Captain Polyphron blew a trumpet. The anchor weights were drawn up. A three-banker towed us slowly away from the mole, its oars thumping and splashing. The Ephesians cheered and waved.
The towrope was cast off. Polyphron winded his horn again. One by one the oars were thrust out through the oar holes in the ship's side and secured by sailors to the thole pins in the outrigger. Another trumpet blast set our oars in motion. Up they rose, then forward, then down with a splash, and then back. The beat of the coxswain's gavel, slow at first and then quickening, came up to us as we headed out into the blue Aegean under fair spring skies.
Book Nine
ATTIKA
The Destroyer moved but slowly, as she had only half her normal complement of three hundred and twenty rowers. The place of the rest was taken by Aias' pen and food crib. As was most of the fleet at Ephesos, the Destroyer was manned by free hired rowers. Polyphron explained:
"It costs more in the short run, but you're in less danger of having them seize the ship, tear all the free men to pieces, and row off to become pirates, than with a shipful of slaves."
We crept across the angle of the Ikarian Sea towards Mount Mykale. As the morning passed and Samos rose higher out of the sea, we could see the opening of the strait that sunders this isle from the mainland.
The sky was fair, the breeze light. Nonetheless, the waves were big enough to give a slight but regular motion to the ship, like unto an easy single-foot. Vardanas and the Indians became violently seasick. The elephant grumbled.
Finding that I, too, had a slight headache, I took a walk about the deck. I passed Pyrron and Nirouphar in converse.
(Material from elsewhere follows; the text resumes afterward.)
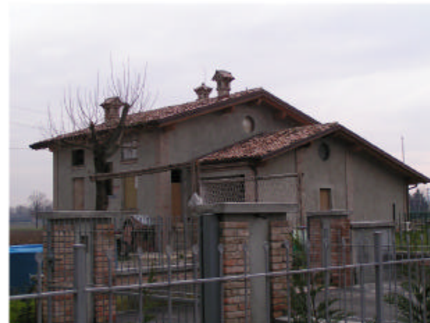
4. Edificio 4. Fronte nord

Nirouphar looked pale, while Pyrron, leaning lazily against the rail, spoke:
"... now observe, my dear, and you will see an exemplification of one of the major arguments in favor of the sphericity of the earth.
Notice how, as time passes, Ephesos disappears below the curvature of the sea, while Samos rises out of it."
"Oh, for Mithras' sake, stop lecturing for once!" said Nirouphar. "I feel unwell."
I hid a smile and walked on. Later I returned, sat beside the lass, and held her hand without speaking. She smiled gratefully; for once my habit of long silences was appreciated.
In the middle of the day, the oars of the lower banks were shipped to release the rowers for their midday meal. When each group had eaten in turn, the short oars were put out again. During the afternoon we rowed around Poseidon Promontory, with its splendid temple of Poseidon, and entered the strait. Aias fell silent as the ship's motion quieted.